=== Section Start ===

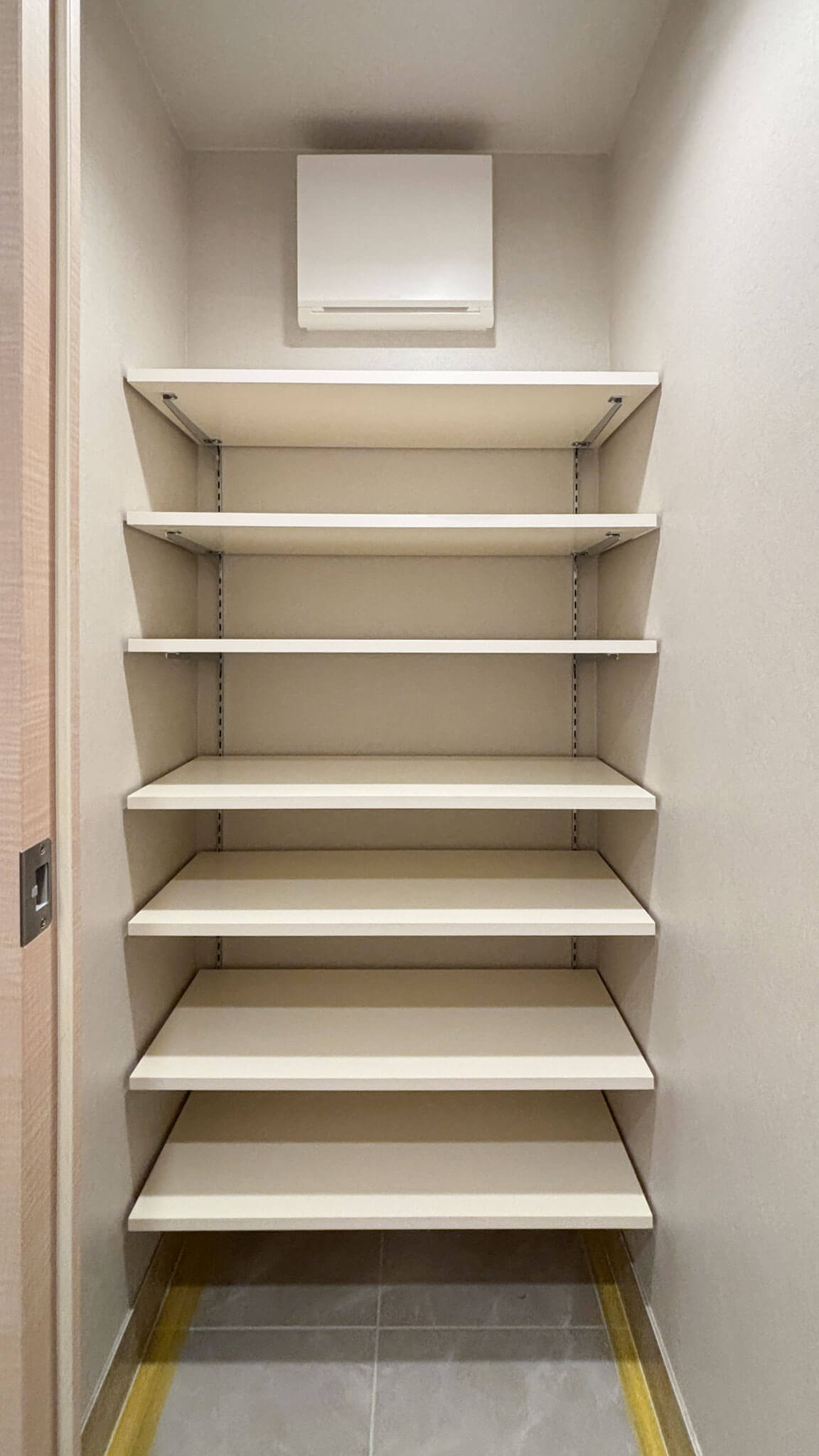 玄関には約0.6帖のSIC(シューズインクローゼット)を完備。たくさんの靴はもちろん、スポーツ用品やペット用品なども収納できそうですね。玄関外にはトランクルームも2ヵ所備わっています。
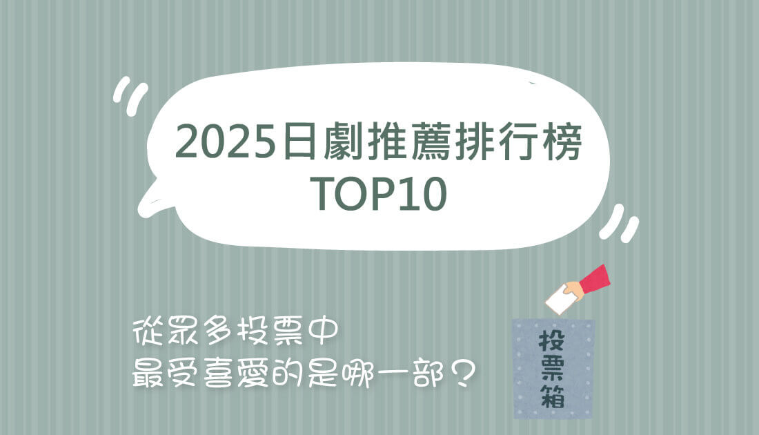 接近年末又到了回顧整年度日劇表現的時候,今年一樣有在社群上發起調查2025日劇推薦的問卷,本次日劇大賞總共收到 102 個回答,非常感謝大家依然願意參與,留下寶貴的意見。
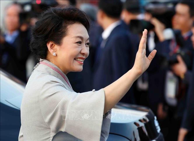 Giáo sư Bành Lệ Viên, Phu nhân Tổng Bí thư, Chủ tịch nước Trung Quốc Tập Cận Bình vẫy chào các đại biểu ra tiễn tại sân bay quốc tế Nội Bài. |
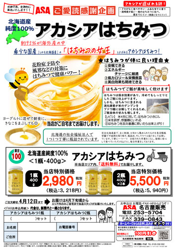 お得物品販売にて、「アカシアはちみつ・いかめし」の販売を開始致しました。
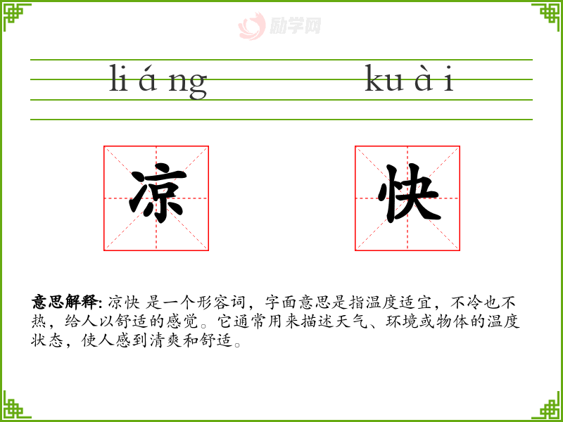 凉快 是一个形容词,字面意思是指温度适宜,不冷也不热,给人以舒适的感觉。它通常用来描述天气、环境或物体的温度状态,使人感到清爽和舒适。
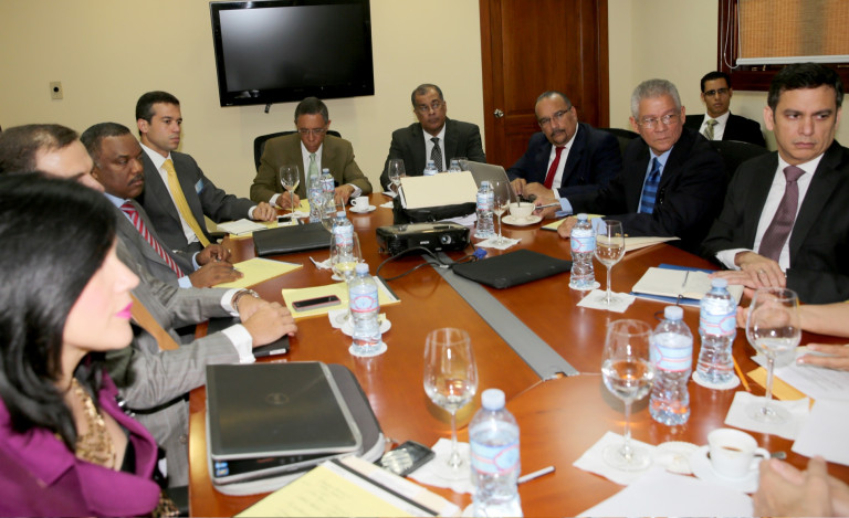 Participantes en el encuentro encabezado por Gustavo Montalvo, ministro de la Presidencia y Maritza Hernández, ministra de Trabajo. Como establece el Decreto 286-13, la Comisión está integrada por los economistas Manuel Alejandro Jiménez, Jeffrey Lizardo y José Vicente, así como por los abogados José Darío Suárez, Joaquín Luciano y Marisol Vincens.
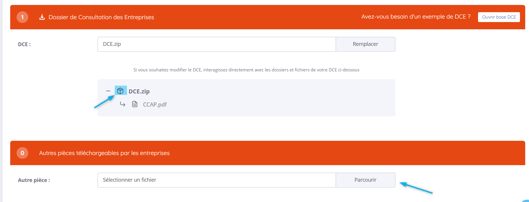 Cliquez sur le pictogramme "cube" pour ajouter une pièce dans le DCE d'origine, ou alors, insérez un document dans le bloc "autres pièces téléchargeables par les entreprises".
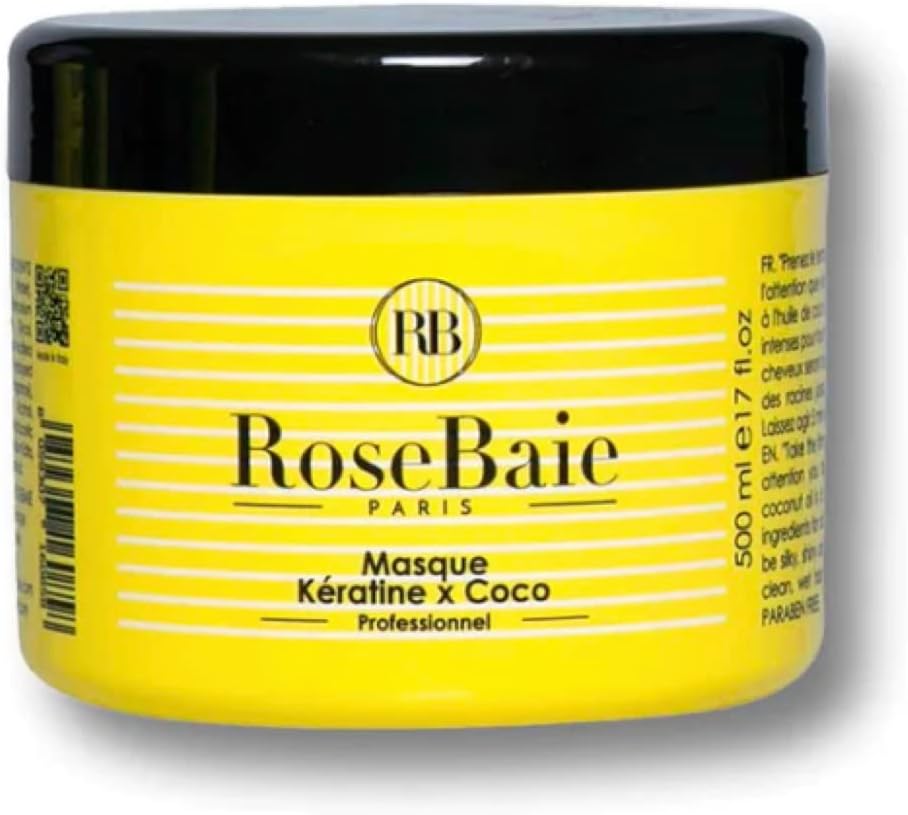Masque à la Kératine et à l’huile de Coco. Le masque RoseBaie à la kératine et à l’huile de coco est un ensemble d’actifs hydratants et fortifiants intenses pour tout type de cheveux.
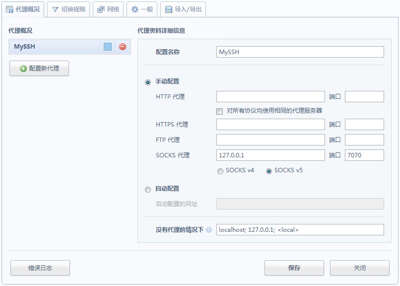 - 使用MyEnTunnel连接ssh服务器并转化为本地socks5代理运行

=== Section End ===

## Exercise instructions:
Give back the material above exactly, with each picture removed.

## Completed exercise:
 玄関には約0.6帖のSIC(シューズインクローゼット)を完備。たくさんの靴はもちろん、スポーツ用品やペット用品なども収納できそうですね。玄関外にはトランクルームも2ヵ所備わっています。
 接近年末又到了回顧整年度日劇表現的時候,今年一樣有在社群上發起調查2025日劇推薦的問卷,本次日劇大賞總共收到 102 個回答,非常感謝大家依然願意參與,留下寶貴的意見。
 Giáo sư Bành Lệ Viên, Phu nhân Tổng Bí thư, Chủ tịch nước Trung Quốc Tập Cận Bình vẫy chào các đại biểu ra tiễn tại sân bay quốc tế Nội Bài. |
 お得物品販売にて、「アカシアはちみつ・いかめし」の販売を開始致しました。
 凉快 是一个形容词,字面意思是指温度适宜,不冷也不热,给人以舒适的感觉。它通常用来描述天气、环境或物体的温度状态,使人感到清爽和舒适。
 Participantes en el encuentro encabezado por Gustavo Montalvo, ministro de la Presidencia y Maritza Hernández, ministra de Trabajo. Como establece el Decreto 286-13, la Comisión está integrada por los economistas Manuel Alejandro Jiménez, Jeffrey Lizardo y José Vicente, así como por los abogados José Darío Suárez, Joaquín Luciano y Marisol Vincens.
 Cliquez sur le pictogramme "cube" pour ajouter une pièce dans le DCE d'origine, ou alors, insérez un document dans le bloc "autres pièces téléchargeables par les entreprises".
Masque à la Kératine et à l’huile de Coco. Le masque RoseBaie à la kératine et à l’huile de coco est un ensemble d’actifs hydratants et fortifiants intenses pour tout type de cheveux.
 - 使用MyEnTunnel连接ssh服务器并转化为本地socks5代理运行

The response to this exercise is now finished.